仁太郎&常世VS珠代!昭和オトメ御伽話の感想を書いてみた!!!

第十六話「春ノ嵐」
珠子に連れられて常世が訪れた場所は、なんとユヅの家だった。常世はユヅに対して強い憧れを抱いていく。

第十七話「花嫁修業ハ誰ガ為ニ」
常世はユヅの元で家事全般の指南を受ける。一方、事情を知らない仁太郎は、彼女が浮気をしていると勘違いしショックを受けるが・・・。

第十八話「オカシナ仁太」
日々のアルバイトに精を出す仁太郎は、常世に渡すプレゼントや自分に芽生えた彼女への新たな気持ちに、思案を巡らせる。

番外編「踏マレタ草ニモ花ハ咲ク」
花嫁修業に勤しむ常世の姿が、ユヅの視点から描かれている。

第十九話「伏竜鳳雛カラタチ姫」
ユヅに家事の上達を褒められて浮かれる常世。幸せが続き笑顔が絶えない彼女に、珠代の魔の手が忍び寄ろうとしていた。

第二十話「オ誕生日会」
家に帰ってきた仁太郎を待っていたのは、常世ではなく養母の珠代だった。常世は別の場所で眠っていて、傍らには骨壺が置かれていた。

第二十一話「続キユク常闇①」
珠代の目的は、志摩家の再興の為に仁太郎と珠子を結婚させることだった。それを達成する為に彼女は常世を消そうとするが、其処に刀を持った仁太郎が現れる。

第二十二話「続キユク常闇 ②」
珠代から必死に逃げる仁太郎と常世。しかし、珠代も彼等を追い詰める為に、仁太郎の思い出が詰まった志摩キネマを放火してしまう。

番外編「思ヒ出ノ志摩キネマ」
常世と仁太郎とそのおじいの、思い出の幻燈。

第二十三話「終ワラナイ常闇」
珠代が追いつけない場所へと、仁太郎と常世は飛ぶ。

第二十四話「遺書」
警察の所に居た珠代の元に、珠子が訪れる。珠子の手には仁太郎が書いた遺書が握られていて・・・。

特別編「サザンカハ知ラナイ」
リゼが主役の短編であり、単行本描き下ろしである。

今回は大正処女御伽話を事前に読んだ読者なら、かなり読み応えのある話になっていると思う。前作の看板キャラであるユヅの登場や珠代との決着、物語の展開に大きなはずみがついていた気がする。リアルタイムでの閲覧は勿論のこと、改めて一気に読んでも仁太郎と常世の行き着く先の不透明さに、どきどきさせられた。

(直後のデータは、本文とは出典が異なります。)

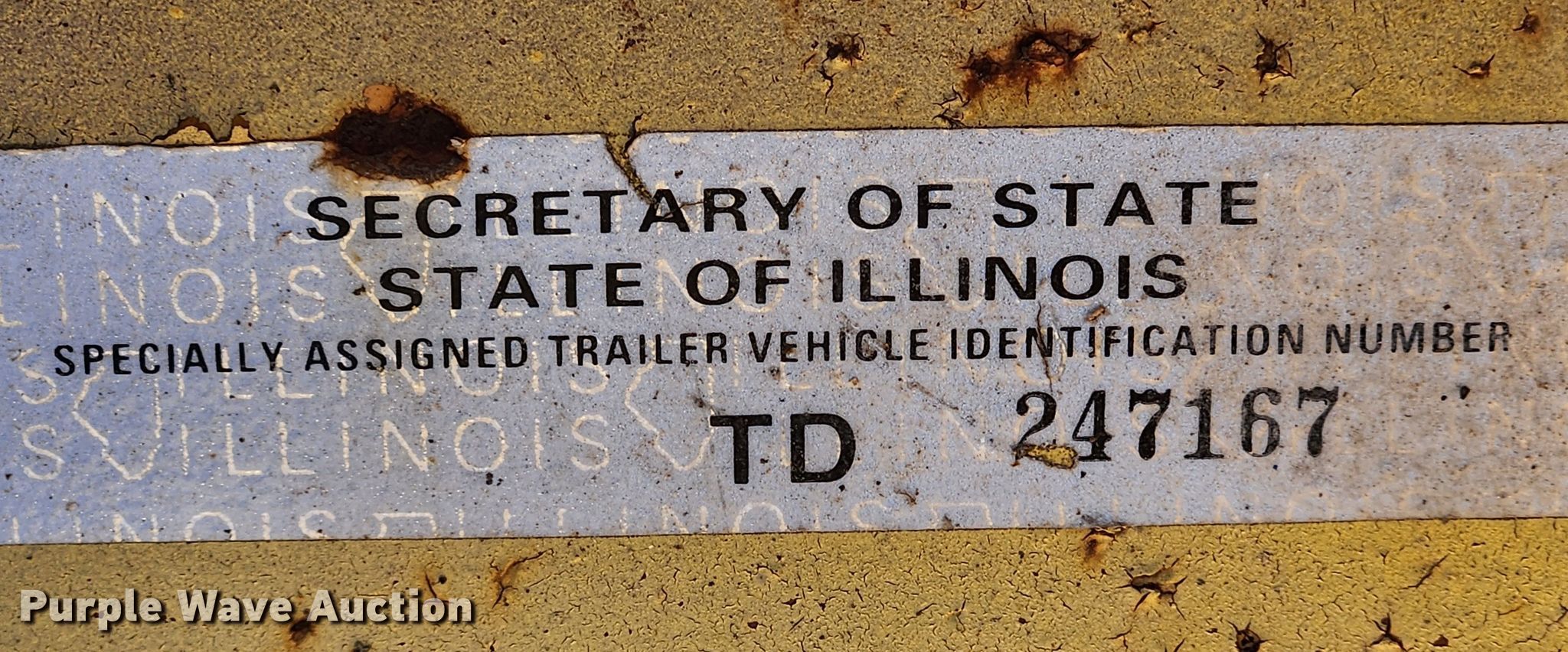Equipment trailer. VIN: TD247167. Dimensions Overall: 23' L x 91" W, Deck: 19' L x 73" W. Features Deck type: Steel. Chassis Hitch: Pintle, Landing gear: Single, Two speed, Suspension: Spring, Brakes: Electric. Tires Steel wheels, Size: 7.00-15LT. Notes Plug missing. Illinois title. Title distribution may be delayed up to 14 days from verification of funds. Ahrens Contracting. St. Louis, MO 63146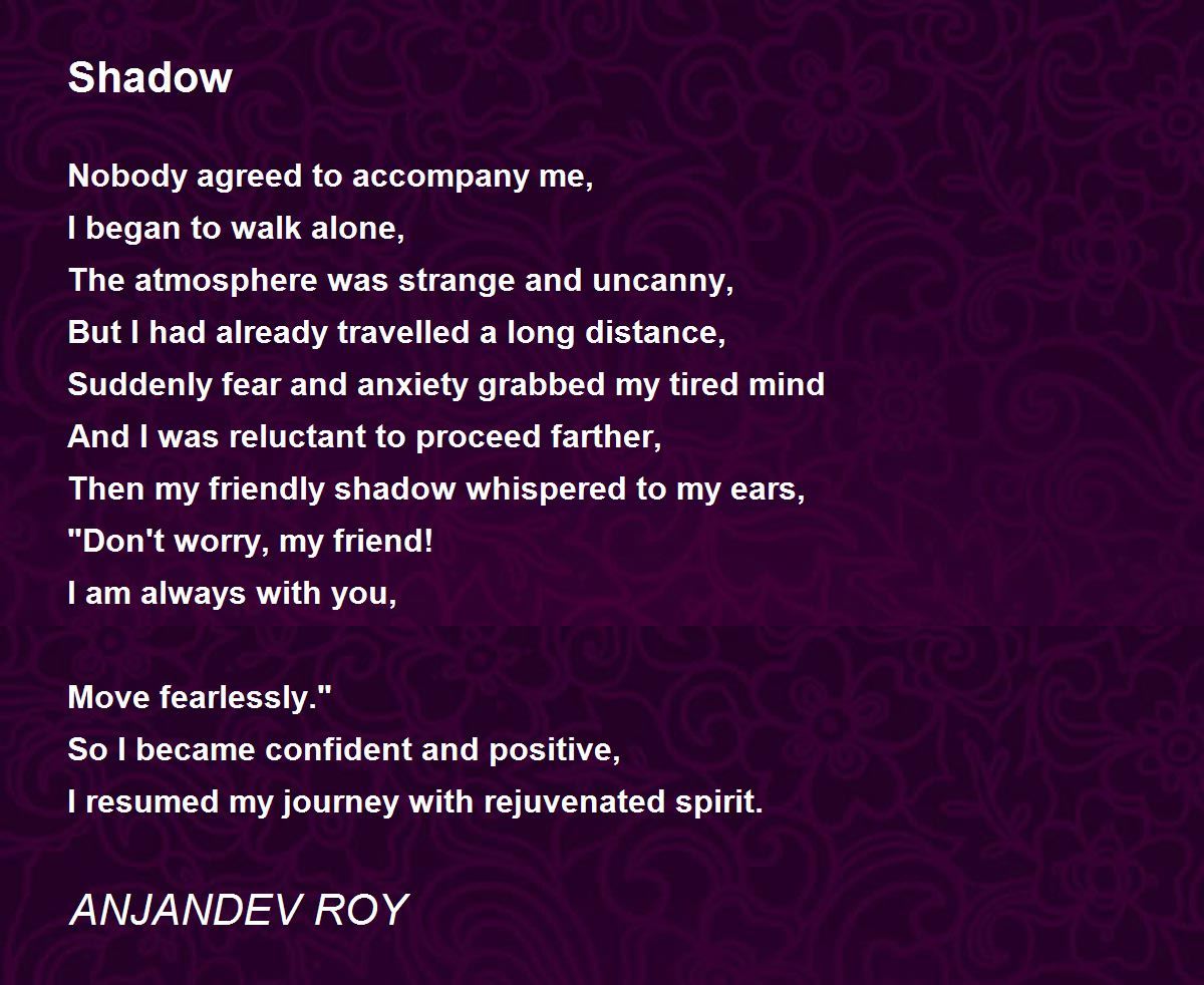 I am always with you, Move fearlessly." So I became confident and positive, I resumed my journey with rejuvenated spirit. keep moving further and further shadows never leave even dead bodies u know it till we become ashes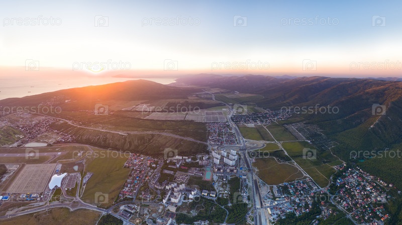Геленджик, Россия. Панорамный вид на город и залив. Летний закат. С высоты птичьего полета

第十六話で久しぶりにユヅが登場した。筆者の予想ではもう少し引っ張るかと思ったが、登場のタイミングとしては割と早かったなと思っている。容姿自体はあまり変わっていないものの、三つ編みは無くなっているし身長も少しは伸びたのだろうか。あの大正処女もすっかり母親らしい大人の女性になっていた。

しかし、ただファンサービスとして登場させるだけではなく、前作の主役にしか出来ない役目をしっかりとこなしている。特に、ユヅが常世にある着物を着付けする場面は、きっと何度も読み返したくなる名場面である。常世のこれからの生き方を体言する人物として、ユヅほどの適任者はまずいないだろう。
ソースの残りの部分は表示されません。